Hammering away at his own business: After 18 years working for others, contractor strikes out on his own

September 18, 2006

Built to Last Construction
Hammering away at his own business After 18 years working for others, contractor strikes out on his own

Bradley Ford is a true, hands-on owner.

"I really like working with my hands. I couldn't stand working behind a desk," said Ford, 40, who founded Built To Last Construction in 2000.

Starting the business was the culmination of a career path he started in 1982 as a 16-year-old student at Perry Meridian High School and the building trades program at Central Nine Career Center.

Once he graduated, he worked for other contractors in residential and commercial projects, eventually taking on more jobs of his own. After 18 years, he finally formalized his venture, starting his own company.

"I just went right to work" without a business plan, he said.

He has financed his company himself, using cash from savings and business revenue to buy tools, equipment, supplies and, most recently, a large enclosed trailer. When his tools were stolen for the second time, he purchased a new truck and trailer "with big locks."

He recently added the company name to his vehicles, a move that already has paid off.

"I got two jobs from people who said they saw me on the interstate," Ford said.

Until the recent signage, all his business has come from word-of-mouth referrals or, in the case of Mike Gaskey, firsthand observation. Ford was a subcontractor on a bathroom project at Gaskey's condominium in Tarkington Towers.

"I work at home, so I watched him work. He was very hard-working and concerned about doing the job right. He also was willing to tackle anything" and is honest and competitive, said Gaskey, an information technology consultant.

Gaskey subsequently hired Ford for several projects, including turning a bedroom and bath into a master suite complete with a walk-in closet. Ford also installed a "beautiful" large-screen television after modifying a wall and building a frame, Gaskey said.

Ford's is the go-to guy for Ron Johnston when business at Johnston Construction in Indianapolis gets backed up.

"He knows what he is doing," said company owner Johnston, who has been a contractor for 27 years and has worked with Ford about 12 of them. "He's always my first choice, if he's not too busy."

Ford attributes that kind of loyalty to his love of what he does, his attention to detail, and a guarantee of his work. About 80 percent of his business is residential, a figure he thinks is about right.

"My work is 100 percent of my selfesteem," said Ford. "I like nothing better than walking into someone's house and seeing a disaster area. Five days later, they are thrilled with their clean, new bathroom, and I'm like a god in their eyes. I can see what I've done. That really satisfies my ego."

Starting out, the hurdles were "underestimating jobs and not being established. There were times when the jobs were few and far between," which is when he'd fill in with work from other contractors. One of his biggest challenges is competing with companies with low or no overhead, such as those that don't have bonding or insurance, both of which he carries.

He keeps up with trends in kitchen, bath and other remodeling products by staying in touch with distributors and manufacturers and listening to his customers. He said he tries new products to see how they work, too.

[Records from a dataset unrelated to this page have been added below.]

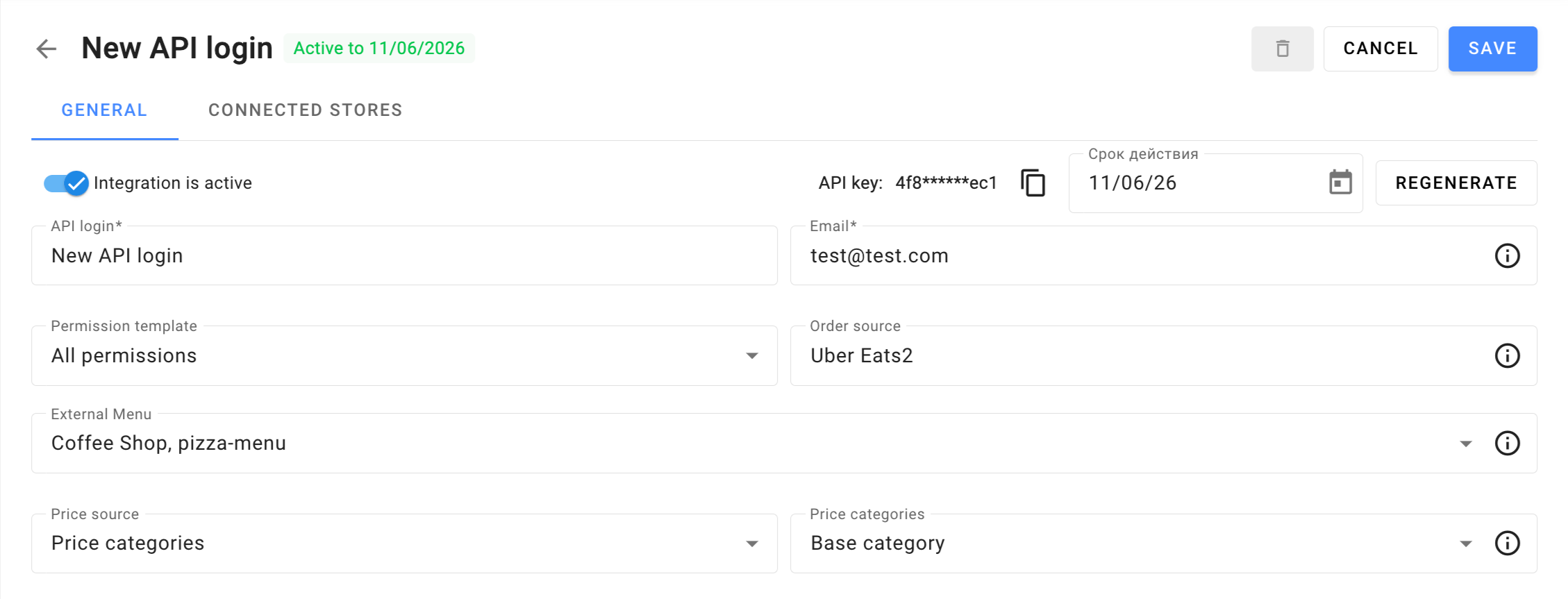 W wersjach Syrve 8.9 i wyższych klucz API zawiera 32 znaki i ma datę wygaśnięcia. Aby zaktualizować wcześniej utworzony klucz, kliknij Regeneruj, a klucz zostanie automatycznie przedłużony o dwa lata od bieżącej daty. Dla wszystkich nowych kluczy API data wygaśnięcia jest wyświetlana na liście integracji.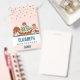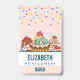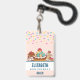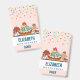 Name badge with a row of delicious looking cupcakes with swirls and cherries and yummy frosting. Illustrated in a classic retro style. Colors include retro green, red, blue and cream. Colorful confetti image sprinkled across the top.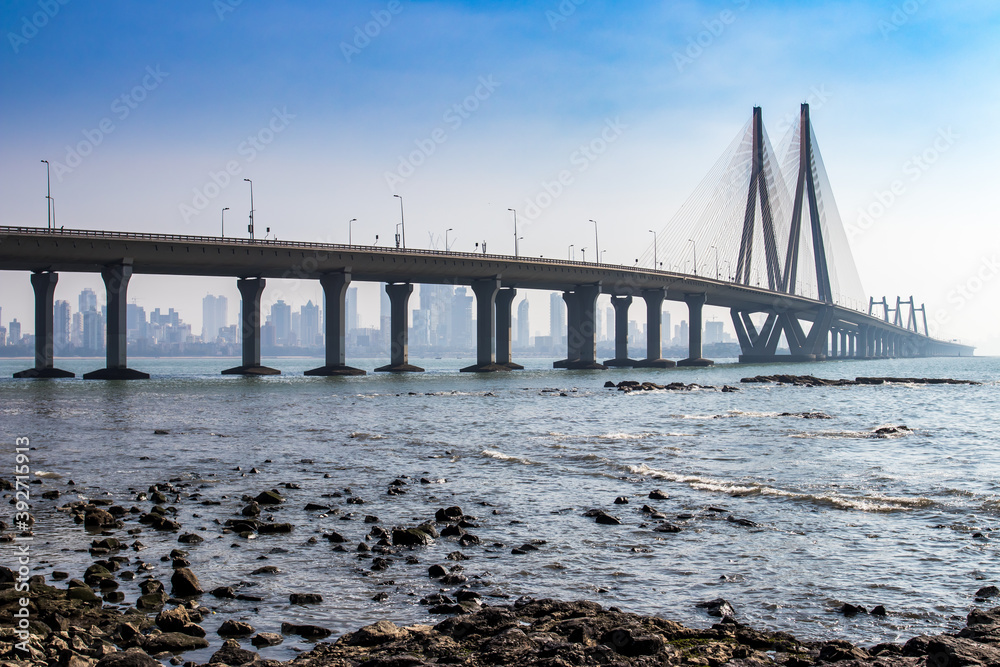 The iconic Bandra Worli Sea Link (Rajiv Gandhi Sea Link) connecting South Mumbai with Bandra and the Western Suburbs #392715913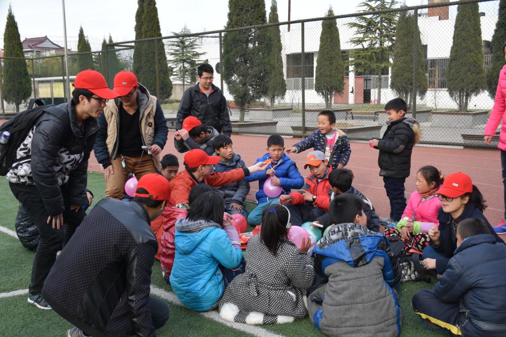 理学院志愿者们还与小朋友们进行游戏互动。大家纷纷参与进来,一起跳绳,参加捆腿跑等素质拓展活动。现场欢声笑语,孩子们的笑声和志愿者的爱心紧紧地融合在一起。最后,志愿者与孩子们一起合影留念。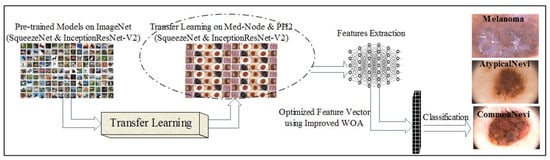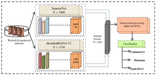 In this article, skin samples are preprocessed and then these preprocessed samples are supplied to pretained versions of SqueezeNet and InceptionResNet-V2 to obtain deep CNN features using the transfer learning approach. Afterward, these obtained feature vectors are serially concatenated. From the fused feature vector, the significant and optimal features are selected with the help of an improved whale optimization algorithm (WOA). Lastly, skin cancer is predicted with the help of machine learning classifiers. The complete framework is presented in Figure 1.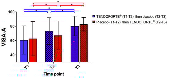 Progression of the mean VISA-A scores during the course of the study Data represent mean ± SD. Statistical analysis of changes in VISA-A scores at baseline (T1), 3 months (T2) and 6 months (T3) via linear mixed modeling. p values ≤ 0.05 were considered statistically significant and marked with an asterisk.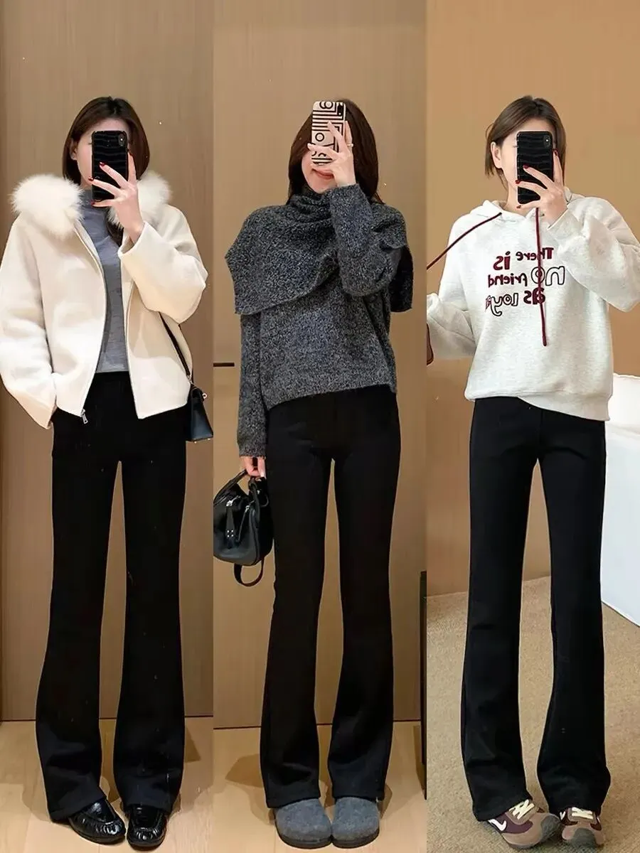 【🔺钞级马力🔺】笑含GE家神级爆款‼️年裤首推款‼️ 定制常规版VS加长版,秒杀今年做的所有裤子~你就穿吧,决对是你衣柜你蕞显瘦的一条裤子‼️提臀✔️显瘦✔️穿出细长直✔️从春秋做到冬天的一款加绒版④面弹小黑裤!立裁微喇版型,气场微微释放,不会很夸张的那种!搭配无不费力!

To keep his hands free for sales and the day-to-day construction work, Ford hired an accounting firm in 1994 to take care of that part of the business.

"I don't have a degree in business. I'm a carpenter. [The firm] figures everything for me. All I have to do is sign the checks," he said.

For others interested in starting a business, he advises they "make sure to be the best you can possibly be. Don't sell substandard work," Ford said.


Brad Ford does demolition work on a bathroom his Built to Last Construction is remodeling.